_Your objective_. Leave the pictures in the listing below aside and reproduce exactly the lines starting with the one with "Originales arracadas en" and going on through the one with "アンティーク雑貨 ラフジュ工房オリジナル 鉄脚", both ends included.

_Source data_.
================================

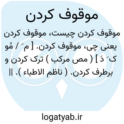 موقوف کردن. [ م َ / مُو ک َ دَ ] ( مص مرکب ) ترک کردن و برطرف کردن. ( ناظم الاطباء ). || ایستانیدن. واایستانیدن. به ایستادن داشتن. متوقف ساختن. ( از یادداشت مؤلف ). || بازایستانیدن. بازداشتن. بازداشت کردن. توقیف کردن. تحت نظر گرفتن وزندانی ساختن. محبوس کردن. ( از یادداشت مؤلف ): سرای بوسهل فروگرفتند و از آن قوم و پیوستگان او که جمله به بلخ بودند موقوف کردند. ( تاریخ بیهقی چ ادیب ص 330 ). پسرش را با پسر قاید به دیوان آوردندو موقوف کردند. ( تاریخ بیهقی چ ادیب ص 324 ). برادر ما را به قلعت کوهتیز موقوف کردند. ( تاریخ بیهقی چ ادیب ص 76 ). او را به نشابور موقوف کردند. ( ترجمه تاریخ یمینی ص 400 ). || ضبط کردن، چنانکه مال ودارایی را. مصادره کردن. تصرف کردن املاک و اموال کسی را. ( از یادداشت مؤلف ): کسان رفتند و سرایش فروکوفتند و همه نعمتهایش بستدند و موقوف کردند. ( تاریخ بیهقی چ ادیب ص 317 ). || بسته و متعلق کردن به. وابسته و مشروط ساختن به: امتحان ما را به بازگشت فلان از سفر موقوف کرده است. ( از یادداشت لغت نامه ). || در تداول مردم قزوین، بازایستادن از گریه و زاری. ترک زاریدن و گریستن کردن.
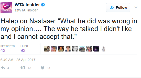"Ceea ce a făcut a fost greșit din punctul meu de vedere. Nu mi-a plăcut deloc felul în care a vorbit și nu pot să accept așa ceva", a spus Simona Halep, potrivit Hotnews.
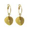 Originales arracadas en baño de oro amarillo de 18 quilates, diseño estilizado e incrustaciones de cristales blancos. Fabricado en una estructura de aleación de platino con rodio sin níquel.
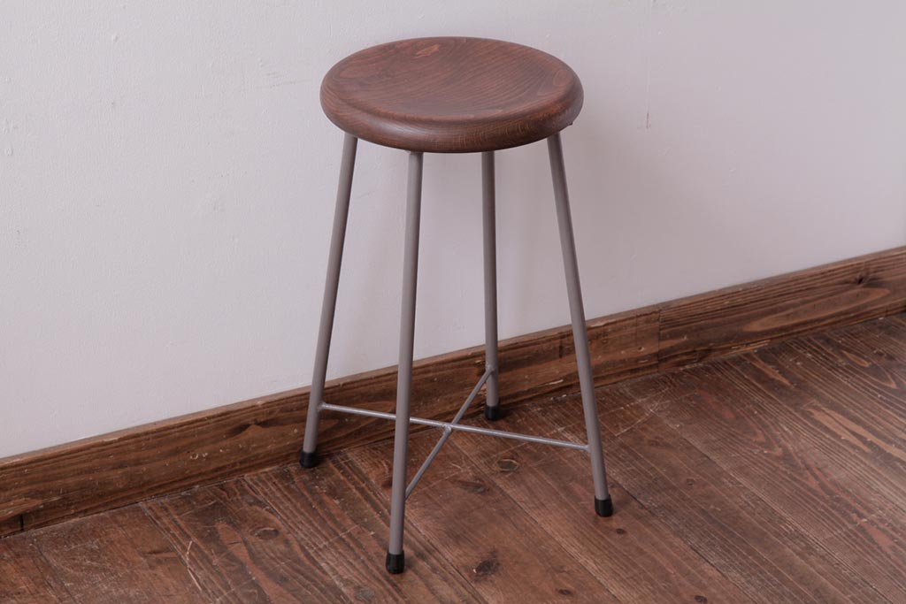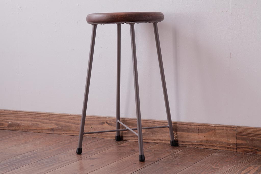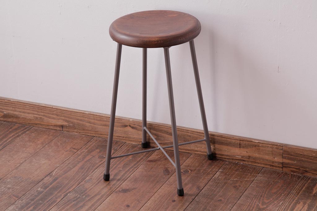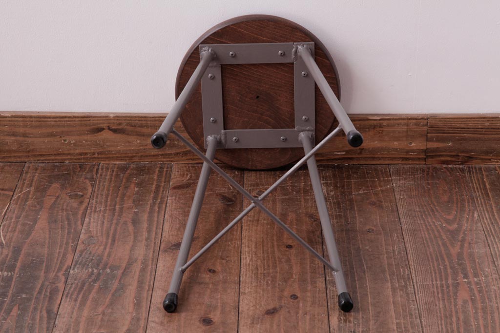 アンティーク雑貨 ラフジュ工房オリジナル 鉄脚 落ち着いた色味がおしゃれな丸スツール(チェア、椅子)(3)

================================

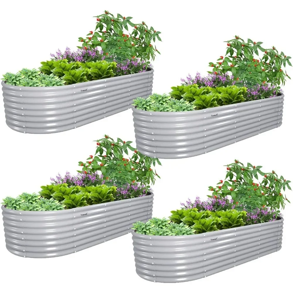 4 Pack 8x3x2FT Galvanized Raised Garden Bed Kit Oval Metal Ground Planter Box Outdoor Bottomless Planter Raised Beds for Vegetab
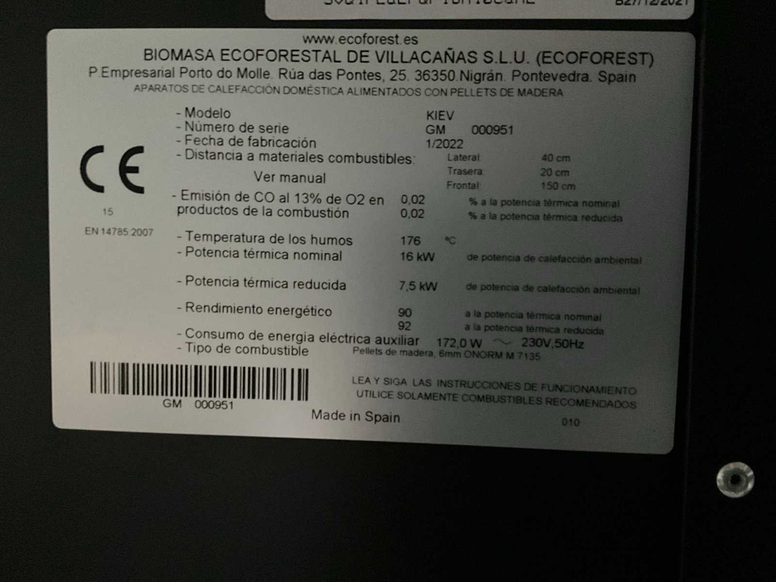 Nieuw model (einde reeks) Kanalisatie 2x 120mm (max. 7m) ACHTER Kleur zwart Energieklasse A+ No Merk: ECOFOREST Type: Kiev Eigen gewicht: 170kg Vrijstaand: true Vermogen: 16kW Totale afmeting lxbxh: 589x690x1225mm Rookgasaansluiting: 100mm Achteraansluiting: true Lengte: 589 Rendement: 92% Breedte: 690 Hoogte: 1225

================================

_Answer area_.
 Originales arracadas en baño de oro amarillo de 18 quilates, diseño estilizado e incrustaciones de cristales blancos. Fabricado en una estructura de aleación de platino con rodio sin níquel.
 アンティーク雑貨 ラフジュ工房オリジナル 鉄脚 落ち着いた色味がおしゃれな丸スツール(チェア、椅子)(3)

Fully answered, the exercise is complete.